Караеву на миг изменила его выдержка.
— Ну, если так будем считаться, то ведь и я…
«Коногон» вскочил и, бешено бранясь, стал расстегивать трясущейся рукой кобуру револьвера. На него навалились, отобрали наган, потребовали, чтобы он извинился перед товарищем Караевым. Но Бородулин, буркнув: «Серый волк таким товарищ», — извиняться не стал и, ни с кем не попрощавшись, ушел к себе на ночевку.
Утром, впрочем, встретив Сергея Петровича на улице, он первым отдал ему воинское приветствие и произнес с официальной сухостью: «За вчерашнее прошу извинить!» Сказал и, не дожидаясь караевского ответа, зашагал к своим конникам. В новых бриджах с кожаными желтыми леями, в брезентовых легких сапогах в обтяжку на мускулистых ногах, прямой и стройный, он шел не оглядываясь, явно щеголяя своей выправкой, и Сергей Петрович отдал ему должное.
Не только из классовой неприязни к бывшему белому офицеру не принял Караева комэск Бородулин, тут было еще и другое. Первый признанный храбрец полка, кавалер редкого в те времена ордена Красного Знамени, он смутно почувствовал, что рядом с ним появился сильный соперник, и вот это-то и было не по нутру честолюбивому «коногону».
…Заир был взят одним махом. Два эскадронных пулемета прикрыли своим огнем бородулинских орлов — так звал Бородулин своих конников, — и те подобрались по-пластунски поближе к дувалам, а потом поднялись в рост и перемахнули через проклятую каменную глину. Басмачи, как и ожидал Бородулин, дрогнули и посыпались из кишлака, теряя по пути своего бегства тех, кому аллах присудил доблестно пасть в бою.
Сам неуловимый курбаши Ише-Тюри оплошал. Его нога была уже вдета в стремя, но верный конь вдруг взвился на дыбы, и курбаши, грузный, многопудовый мужик, не удержался и рухнул на землю, успев, однако, вовремя выдернуть ногу из стремени. Тут же он был схвачен и обезоружен подоспевшими красноармейцами.

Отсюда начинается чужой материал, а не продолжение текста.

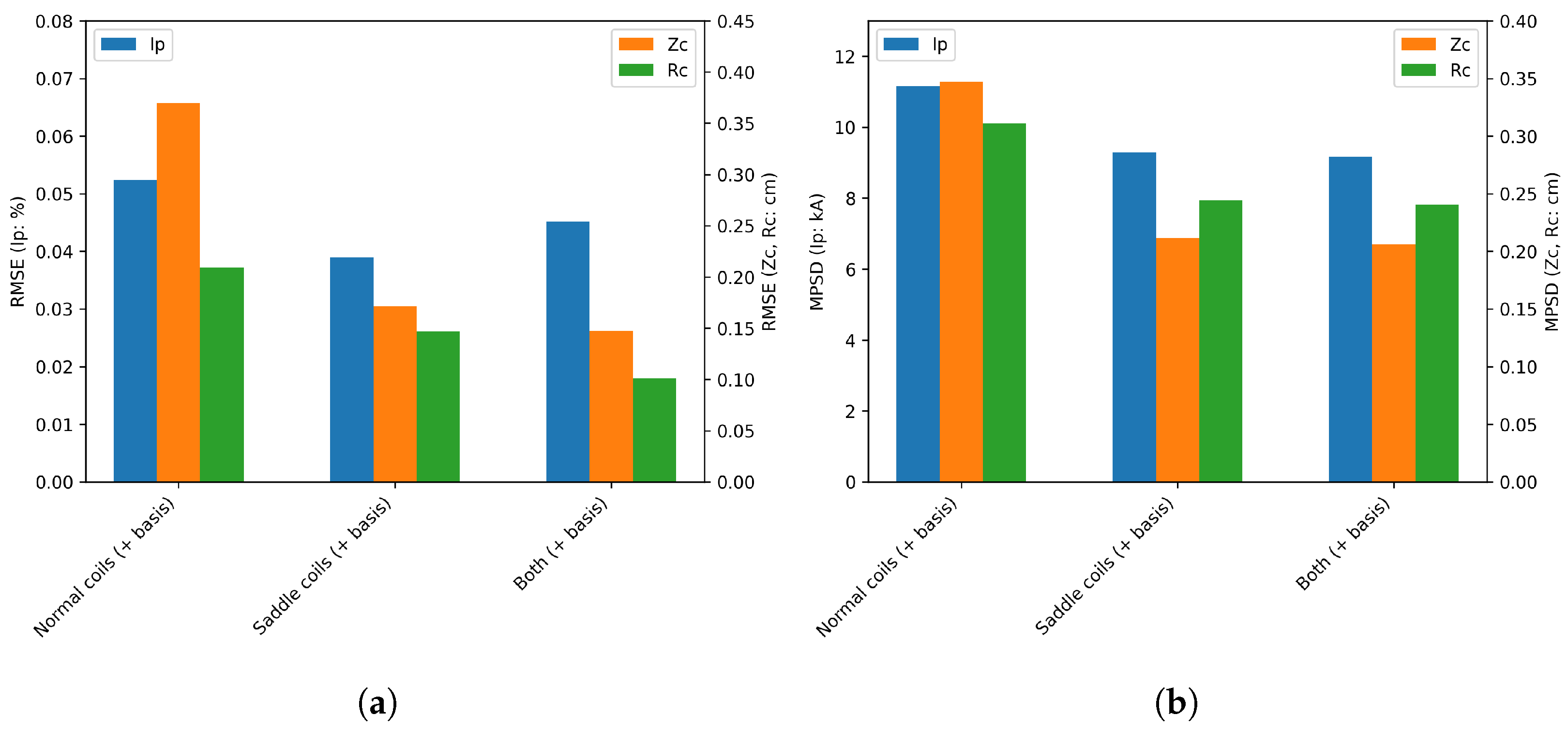 Three “experiments”, using different sets of available diagnostics, were performed. In each experiment, we evaluated our inference method relying on all 180 equilibria. Each equilibrium was used ten times with a different value for the noise on the diagnostic measurements. This resulted in a total of 1800 inferences. The three experiments always used flux loops and tangential coils, and these two diagnostics will be referred to as “basis”. To this basis, we added normal coils in the first experiment, saddle coils in the second, and both normal and saddle coils in the third.
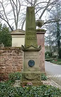 Karl Ludwig Sand (Wunsiedel, Upper Franconia (then in Prussia), 5 October 1795 – Mannheim, 20 May 1820) was a German university student and member of a liberal Burschenschaft (student association). He was executed in 1820 for the murder of the conservative dramatist August von Kotzebue the previous year in Mannheim. As a result of his execution, Sand became a martyr in the eyes of many German nationalists seeking the creation of a united German national state.
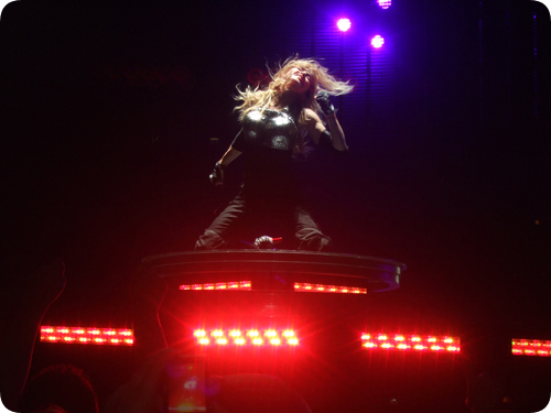 I wasn’t fond of the new version of Dress You Up, didn’t recognize anything of the original stellar track. She could’ve sung Borderline and I wouldn’t have heard the difference. She’s Not Me and Music were exactly the same. The whole gypsy section as well. Unfortunately M still wore that terrible wig in 4 Minutes and the Transformers outfit, new pants and shoes which were great however! During Like a Prayer I was just taking pictures randomly, not even seeing what I was doing, when suddenly I looked at the result of what I just shot……….WOW! Absolutely the most beautiful picture I have ever taken of Madonna, absolutely perfect. After Like a Prayer, lyrics from Michael’s Man In The Mirror were shown on screen ‘if you wanna make the world a better place, take a look at yourself and make a change’, gorgeous. Now we were presented to a new version of Frozen, it started out spectacular but quickly dropped in energy, then in the middle of the song the beat came back and I actually enjoyed it. Ray of Light is now probably one of my least favourite songs and Give it 2 Me was fun, loved the glittered glove Madonna wore in honor of Michael. After the show ‘Don’t Stop ‘Till You Get Enough’ was played, I absolutely loved all the Michael references in the show.
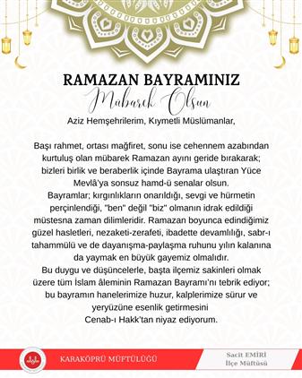 Bu duygu ve düşüncelerle, başta ilçemiz sakinleri olmak üzere tüm İslam âleminin Ramazan Bayramı’nı tebrik ediyor; bu bayramın hanelerimize huzur, kalplerimize sürur ve yeryüzüne esenlik getirmesini
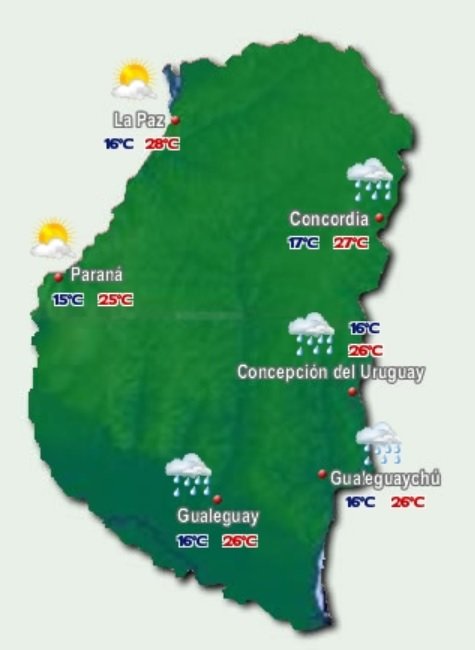 El Servicio Meteorológico Nacional -SMN- pronostica probabilidad de lloviznas aisladas durante toda la jornada del viernes a lo largo de la costa este de Entre Ríos, sobre el río Uruguay.
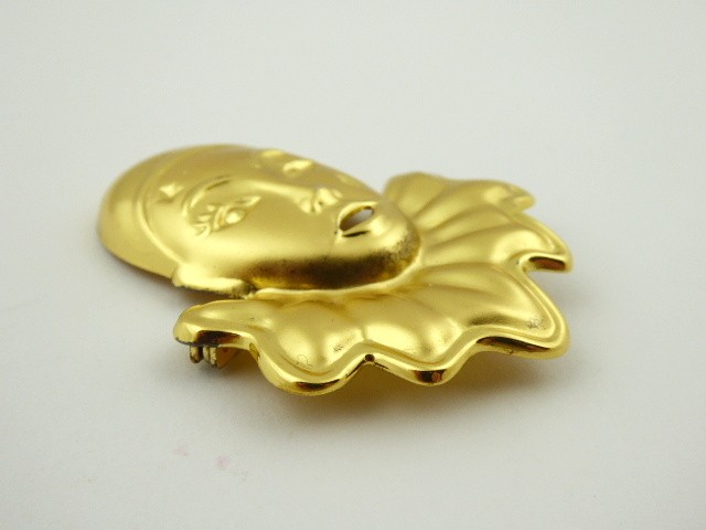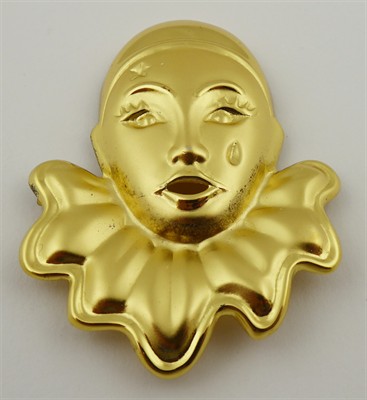 Zlacené stříbro vysoké ryzosti. Ryzost Ag 925/1000, celková hmotnost 8,50 g. Zlacená stříbrná reliéfně tvarovaná brož do podoby melancholického milovníka Pierota - původní postavy francouzského lidového divadla a pantominy, kde spolu s Kolombínou a Harlekýnem působil v commedii del´arte. Značeno: ryzost 925 a mistrovská značka. Itálie, Vicenza, konec minulého století. Výška brože 60 mm, šířka brože 45 mm.

…Второй эскадрон вступил в Заир — по трое в ряд — уже к вечеру. Багровое солнечное ядро тонуло в зыбком облачном мареве на горизонте. Утомленные кони шли шагом с опущенными головами, их крупы и шеи потемнели и лоснились от пота. Лица всадников тоже выражали крайнюю степень усталости.
Караев ехал впереди эскадрона на своем Постреле, темно-гнедом трофейном жеребчике. Сейчас, еще не остывший после скачки, он казался вороным. Рядом с ним на прекрасном сером англо-арабе ехал командир первого взвода Богдан Грицко, кубанский казак, первый в полку мастер сабельного удара.
Эскадрон Караева на этот раз не выполнил свою оперативную задачу: басмачам удалось, уклонившись от встречи с ним, ускакать другой дорогой на своих свежих дьявольски выносливых конях. Лишь двух всадников Ише-Тюри догнали и зарубили конники Караева, а надо было всех.
— Чего вы расстраиваетесь, Сергей Петрович! — утешал комэска бывалый комвзвода. — Подумаешь, беда какая — не дорубали! Сегодня не дорубали, завтра дорубаем! Кони у них сами знаете какие!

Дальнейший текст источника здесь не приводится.